I was unaware it had ever been a serious crime to be a New Black Panther member. Other than the sick, you have yet to establish that any crime had occurred.

If only one person is at a polling station we are now going to simply ignore it? Especially if they aren't brandishing any obvious weapons. The taunts, menacing appearance and such are perfectly ok? At least as long as you're democrat? :rolleyes:
What taunts? What menacing appearance (unless you count dressing in all black and/or combat fatigues menacing, in which case we have a bunch of angst teenagers to jail)?
 
It doesn't mean it did happen, either. If that is the best they had, I'm starting to understand why the case was dropped for lack of evidence.
I do find this concerning:
To support its evidence, the government had secured an affidavit from Bartle Bull, a longtime civil rights activist and former aide to Sen. Robert F. Kennedy's 1968 presidential campaign. Mr. Bull said in a sworn statement dated April 7 that he was serving in November as a credentialed poll watcher in Philadelphia when he saw the three uniformed Panthers confront and intimidate voters with a nightstick.

Inexplicably, the government did not enter the affidavit in the court case, according to the files.
http://www.washingtontimes.com/news/2009/may/29/career-lawyers-overruled-on-voting-case/print/
It seems he was an eye witness.
Why was the affidavit not entered? What does that exactly mean?
 
For King, who held a weapon, this is a legitimate complaint and one I would like to know more about.

By the way, joobz, in terms of the *punishment* that was given Shabazz, it's already illegal to display a weapon at a polling place. So what punishment was he actually given?
 
What taunts? What menacing appearance

The complaint from the government stated that the men engaged in "coercion, threats and intimidation, ... racial threats and insults, ... menacing and intimidating gestures, ... and movements directed at individuals who were present to vote." Bartle Bull said he heard one yell "You are about to be ruled by the black man, cracker!" You don't call that a taunt?

As for menacing appearance, imagine it's three Ku Klux Klan members in their uniforms, with nightsticks (or even without), standing in front of a polling place. Would that be ok in your mind, Upchurch?
 
Actually, there were 3 NBP members there and even if there was only one, does that mean it's no longer a serious crime. If only one person is at a polling station we are now going to simply ignore it? Especially if they aren't brandishing any obvious weapons. The taunts, menacing appearance and such are perfectly ok? At least as long as you're democrat? :rolleyes:

Those aren't the words I said.

Apparently the taunts were also by the stick holder, were they not?
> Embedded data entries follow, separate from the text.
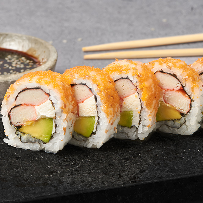 Kanikama, queso philadelphia y aguacate. cubierto con masago caviar. Acompañado con salsa miel de chile y soya.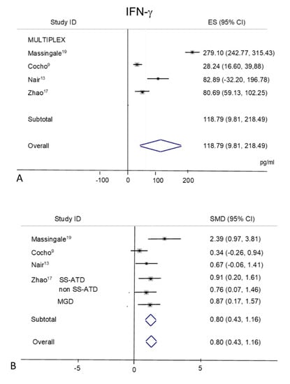 Meta-analysis of tear IFN-γ levels: (A) mean values and 95% CI of control subjects; (B) standardized mean difference (SMD) of DED patients vs. control subjects. ES = effect size; DED = dry eye disease; SS = Sjogren’s syndrome; non SS = non Sjogren’s syndrome; ATD = aqueous tear deficiency; MGD = meibomian gland dysfunction.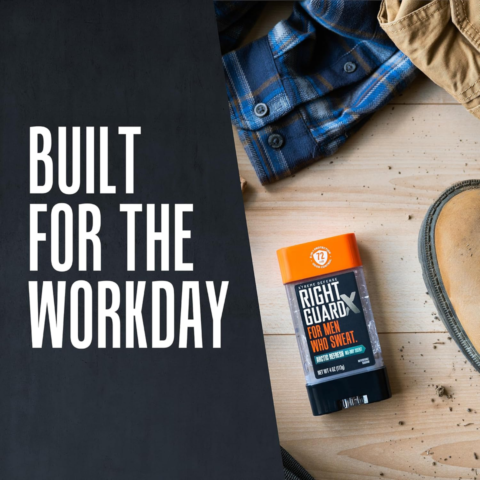 Take on whatever your day throws at you with confidence, thanks to Right Guard Xtreme Defense Antiperspirant Deodorant in our Arctic Refresh Scent. This powerful 4-pack of 4 oz gel is designed to deliver 5-in-1 protection that men can rely on?whether you?re grinding through a long shift or pushing your limits on a job site. Formulated for tough jobs and long work days, this deodorant and antiperspirant offers up to 72 hours of odor control and blocks sweat 2X longer than ordinary antiperspirant formulas. The gel glides on smooth and is gentle on skin?so you get clean protection without the mess. The Arctic Refresh scent delivers a cool, crisp burst of freshness that lasts all day, keeping you feeling revitalized no matter how intense your workload gets. Right Guard helps you stay dry, smell great, and stay focused. With over 60 years of expertise under our toolbelt, Right Guard is the deodorant men can trust for dependable sweat and odor protection. Explore our full range of men?s products, including Right Guard Sport Deodorant and the Original Right Guard Spray. Experience trusted protection.

Menacing appearance, okay.
 
Apparently the taunts were also by the stick holder, were they not?

The government complaint stated that all three men were involved in that.

According to Adams (http://www.foxnews.com/story/0,2933,595683,00.html ) five attorneys worked on it: Chris Coates, Bob Popper, Spencer Fisher, Grace Chung Becker and him. When the defendants didn't show, the court found for the prosecution (against all three men). All they had to do at that point was tell the judge what punishment they wanted.
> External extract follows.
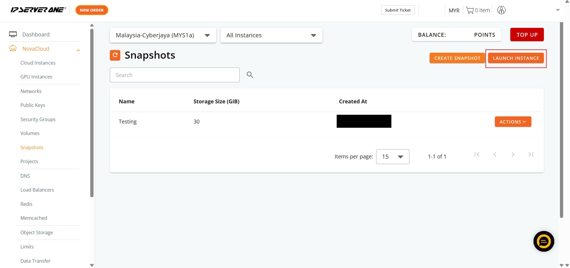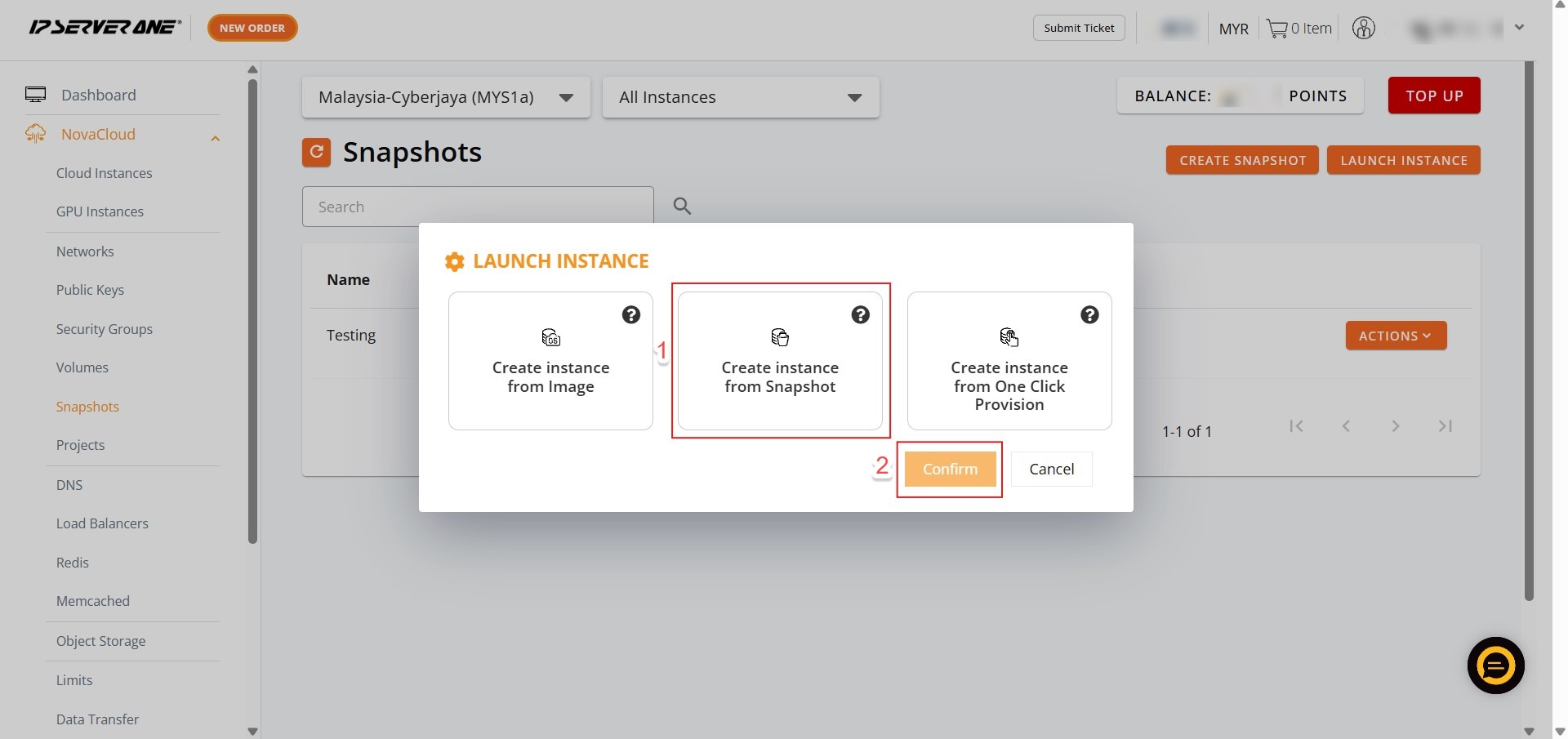 How to Launch a Cloud Instance from an Existing Snapshot in Customer Portal

Now Adams says that Chris Coates and Bob Popper were ordered by Steve Rosenbaum and Loretta King, two political officials at the DOJ, to dismiss the case. He says there is sworn testimony from the Civil Rights Commission that Jackson (the one without the baton) tried to stop people from going to the polls. He said "witnesses testified that he tried to block them from entering the polls." What do you say we just put Coates and Popper under oath and ask what happened? And ask them what the witnesses had to say under oath? Hmmmmmm? Go ahead, read the above interview with Adams. It's pretty damning, if true. And if it's not true I'd think the democrat side of the aisle would be eager to prove it false. But they are not, are they? ;)
 
I don't care what sortrs of things Bull did in the past. He is going nuts and spewing the lunatic fringe propoganda about ACORN. Lots of former liberals have sold out over the course of 40 years. I do not find him credible. That he defends a jerk like Adams is proof to me that he is a rotten judge of character.

When they can produce credible documents, they might have a case. Otherwise, I consider the blather about orders not to prosecute black violators to be baseless rumors spread by some of the most corrupt slimeballs to have evewr worked in DoJ.
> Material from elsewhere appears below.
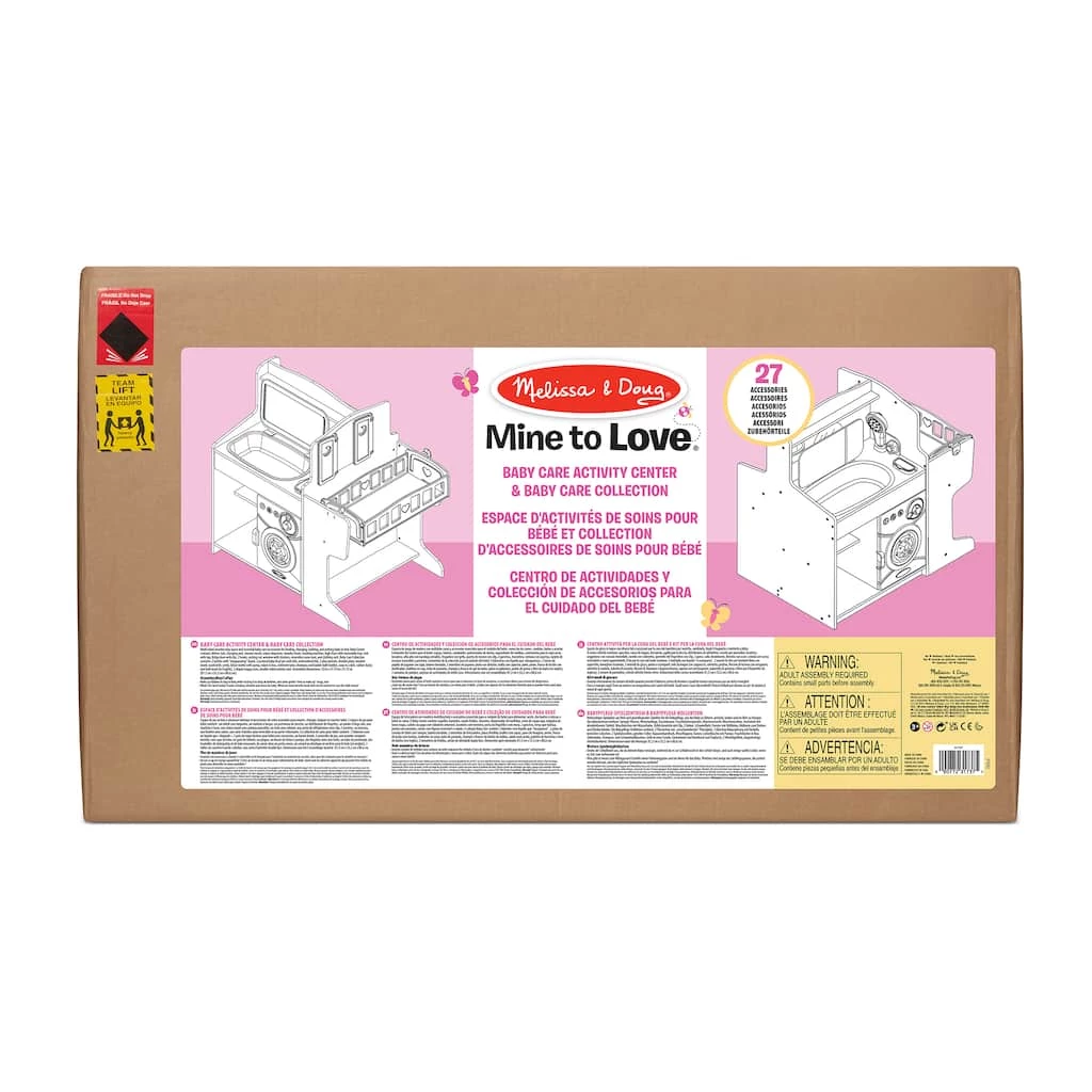 This multifunctional doll and stuffed animal wooden baby care activity center, combined with realistic play feeding, bathing, and changing accessories, has everything kids need to nurture and play with their special babies! The sturdy wooden center includes a kitchen with refrigerator, sink, and high chair. A changing and bathing area features a bathtub with spray nozzle and flip-down changing mat, a mirror, wipes dispenser, laundry chute, and washing machine with clicking dial. The nursery area has a rocking cradle, clothing storage, and shuttered window with a card that can be flipped to a daytime or nighttime scene. Stock the center with feeding accessories, including an easy-close, embroidered bib to keep baby clean, a divided dish, utensils, and baby food jars. ”Disappearing” liquid bottles add to the fun! The realistic bathing and diaper-changing accessories sized just right for dolls and stuffed animals include shampoo and bubble bath bottles, play soap, an owl-hooded towel, wipes, diapers, and more. Thereβs even a rubber ducky and bath book! Kids three and older will love having their very own space and supplies to nurture and care for their babies.

Bear in mind that most of the DoJ people in high positions at the time of the transition were hired under arguably the two worst Attorneys General the country has ever had.
 
Why yes, there was. Assistant Attorney General Thomas Perez said in testimony before the Civil Rights Commission:

"In another case, in Arizona, the complaint was received by a national civil rights organization regarding events in Pima, Arizona in the 2006 election when three well-known anti-immigrant advocates affiliated with the Minutemen, one of whom was carrying a gun, allegedly intimidated Latino voters at a polling place by approaching several persons, filming them, and advocating and printing voting materials in Spanish.

In that instance, the Department declined to bring any action for alleged voter intimidation, notwithstanding the requests of the complaining parties."

He also mentioned another instance, in 2005, where the Bush DOJ didn't pursue voter intimidation charges against "armed Mississippi State investigators" who were accused of intimidating elderly minority voters by visiting them in their homes and asking them who they voted for, "in spite of state law protections that explicitly forbid such inquiries."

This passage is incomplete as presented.